Ridge and Lasso Regression with House Price Example
Suppose we have a dataset showing the relationship between the size of a house ( \( x \) , in square feet) and its price ( \( y \) , in thousands of dollars). To add complexity, let’s include additional features such as the number of bedrooms, age of the house, and neighborhood quality. With multiple features, regular linear regression may overfit, so we use Ridge and Lasso regression to control this complexity.
House Size \( x_1 \) | Bedrooms \( x_2 \) | Age \( x_3 \) | Neighborhood Quality \( x_4 \) | Price \( y \) |
1500 | 3 | 10 | 7 | 300 |
2500 | 4 | 5 | 8 | 500 |
1200 | 2 | 20 | 5 | 200 |
1800 | 3 | 15 | 6 | 350 |
We want to predict house prices ( \( y \) ) based on these features while controlling for overfitting using Ridge and Lasso regression.

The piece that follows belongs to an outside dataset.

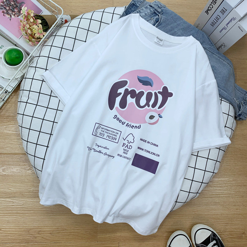 95% cotton Chic Summer New Personality Korean Style Fruit women t-shirts short white Plus Size kawaii harajukuTops Tees

Step 1: Linear Regression with Regularization
Regular linear regression minimizes the sum of squared errors:
\(\text{SSE} = \sum (y_i - \hat{y}_i)^2 \)
However, Ridge and Lasso regression add a regularization term to control the size of coefficients:
Ridge Regression (L2): Adds the sum of squared coefficients, \( \text{Cost}_{\text{ridge}} = \sum (y_i - \hat{y}_i)^2 + \lambda \sum \beta_j^2 \)
Lasso Regression (L1): Adds the sum of absolute coefficients, \( \text{Cost}_{\text{lasso}} = \sum (y_i - \hat{y}_i)^2 + \lambda \sum |\beta_j| \)
Here, \( \lambda \) is the regularization parameter:
A high \( \lambda \) penalizes large coefficients, reducing model complexity.
A low \( \lambda \) results in a model closer to standard linear regression.
Example Calculation of Ridge and Lasso Costs
Suppose we have sample coefficients \( \beta_1 = 1.5 \) and \( \beta_2 = 2.0 \) , and set \( \lambda = 0.5 \) . For simplicity, let’s assume 3 observations:
Observation \( i \) | Actual \( y_i \) | Predicted \( \hat{y}_i \) | Coefficients \( \beta_1, \beta_2 \) |
1 | 10 | 12 | \( \beta_1 = 1.5, \beta_2 = 2.0 \) |
2 | 15 | 14 | |
3 | 20 | 18 |
Ridge Regression Cost Calculation (L2)
Squared Error Term: \( (10 - 12)^2 + (15 - 14)^2 + (20 - 18)^2 = 4 + 1 + 4 = 9 \)
L2 Penalty Term: \( 0.5 \times (1.5^2 + 2.0^2) = 0.5 \times 6.25 = 3.125 \)
Total Ridge Cost: \( 9 + 3.125 = 12.125 \)
Lasso Regression Cost Calculation (L1)
Squared Error Term: Same as Ridge, so the sum is 9.
L1 Penalty Term: \( 0.5 \times (|1.5| + |2.0|) = 0.5 \times 3.5 = 1.75 \)
Total Lasso Cost: \( 9 + 1.75 = 10.75 \)
Step 2: Effects of Regularization
Ridge Regression
Ridge shrinks coefficients toward zero but does not eliminate them. It’s useful when all features contribute to the prediction but need slight adjustments.
Lasso Regression
Lasso can shrink some coefficients to zero, effectively removing features that aren’t useful. This is beneficial for feature selection in high-dimensional datasets.
Step 3: Choosing \( \lambda \)
The strength of regularization is controlled by \( \lambda \) :
High \( \lambda = 10 \) : Strong penalty reduces coefficients, e.g., \( \beta_1 = 0.05 \) , \( \beta_2 = 10 \) , \( \beta_3 = -0.5 \) , \( \beta_4 = 7.5 \) .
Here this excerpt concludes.